08.12.2017 - von E.D.

Bei der Spd habe ich diese Anfrage wegen meiner Erwerbsminderungsrente vom Jahr 2001 gemacht.

Sehr geehrte Damen und Herren, Sie fragen sich, warum die Spd bei der Wahl soviele Wähler verloren haben. Dann erklären Sie uns Erwerbsgeminderten vom Jahr 2001, warum wir schlechter gestellt werden als diejenigen Erwerbsgeminderten vom Jahr 2013 und 2018. War unsere Arbeitskraft nicht soviel Wert wie die Heutige? Werden wir bei Ihnen weiter Bürger 2. Klasse bleiben? Wenn diese Ungerechtigkeit weiter bleibt, wird die SPD bei den nächsten Wahlen noch mehr Wähler verlieren!!

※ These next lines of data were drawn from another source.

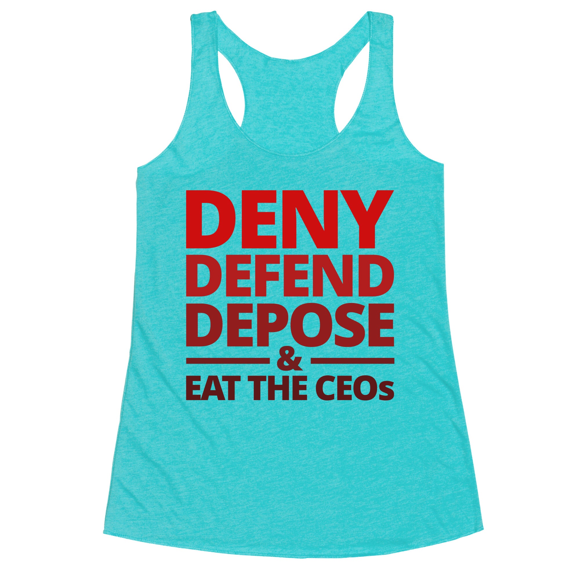 Deny Defend Depose Eat the CEOs Racerback Tank
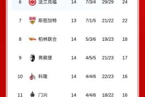 NBA直播12月15日讯 德甲第14轮基本结束,拜仁1-1美因茨9分领跑,此前第2的莱比锡本轮1-3不敌柏林联合,第3的多特1-1憾平弗赖堡,最新积分榜如下:
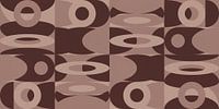 Bloem. Botanische illustratie in retrostijl in wit op roestbruin grijsDina Dankers Japandi. Abstract landschap met gouden zon en vogels op Japans patroon in okergeelDina Dankers
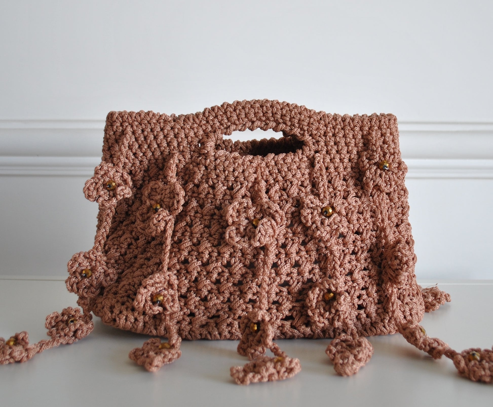 La borsa FAIRY LIGHT BROWN in marrone chiaro con fiori crochet e perline, è letteralmente fatta per rubare la scena (e qualche sguardo curioso).
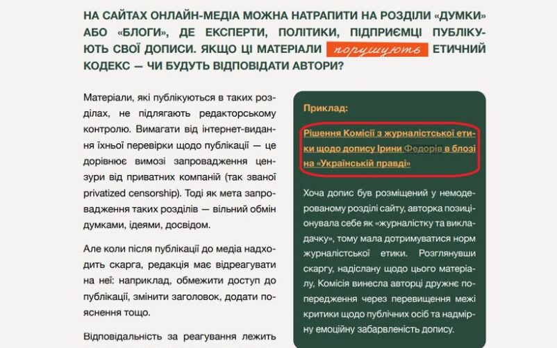 Уривок з “Практикуму”, який створила Комісія журналістської етики

Wir hoffen,daß wir die soziale Gerechtigkeit, von der Ihre Partei immer spricht, auch für uns gilt. Was auch gerecht wäre, wenn die Abschläge bei den Erwerbsgeminderten und Witwenrenten abgeschafft wird. Ich hoffe,daß Herr Schulz diese Mail auch zu lesen bekommt!!!
Bitte um Antwort (nicht wieder per Brief, sondern durch E-Mail)
Danke schön im voraus.
Mit freundlichen Grüßen
Barbara D.

Heute kam diese Antwort von der Spd

Gesetzliche Rentenversicherung , Bestandsrentner
Ihre Mail vom 26. November 2017 an die SPD-Bundestagsfraktion
Sehr geehrte Frau D.,
vielen Dank für Ihre o.g. Mail, welche an die Arbeitsgruppe Arbeit und Soziales weitergeleitet worden ist. Sie wenden sich dagegen, dass Änderungen im Rentenrecht sich nicht auf die Rentner auswirken, die bereits eine Rente beziehen. In der Regel ist es so, dass Neuregelungen bei der Rente jeweils nur für Neuzugänge gelten. Auch die Verlängerung der Zurechnungszeiten gilt dem entsprechend leider nur für Neufälle. Das heißt aber auch, falls es zu Einschränkungen käme, so würde dies ebenfalls nur die Rentenneuzugänge betreffen und nicht diejenigen, die bereits eine Erwerbsminderungsrente bzw. eine andere Rente beziehen.

Ich stimme Ihnen darin zu, dass dieser quasi Bestandsschutz für Bestandsrentner/innen für Versicherte, die kurz vor dem Zeitpunkt des Inkrafttretens der neuen Regelungen oder generell früher in Rente gingen und nicht in den Genuss von Verbesserungen kommen, persönlich sehr ärgerlich ist. Würde man die Regelungen auch auf den Bestand übertragen, so müsste eine komplette Neuberechnung auf Grundlage des jetzt geltenden Rechts vorgenommen werden; dies wäre nicht nur mit einem enormen Verwaltungsaufwand verbunden, sondern könnte – je nach Ausgangslage – nicht nur zu Verbesserungen, sondern auch zu Verschlechterungen führen, da dann selbstverständlich alle in der Zwischenzeit erfolgten Rechtsänderungen einbezogen werden müssten. Um zu vermeiden, dass wenige Tage den Ausschlag geben über eine Zurechnungszeit bis 62 oder aber bis 65 Jahre, hat sich der Gesetzgeber in der aktuellsten Reform dazu entschlossen, die Anhebung schrittweise einzuführen – folglich eine Reihe vieler kleiner Stichtage zu schaffen.

Diese Problematik, die unter dem Problem „Stichtage in der Rentenversicherung“ gefasst werden kann, war schon häufig Gegenstand gerichtlicher Überprüfungen, bis zum Bundesverfassungsgericht.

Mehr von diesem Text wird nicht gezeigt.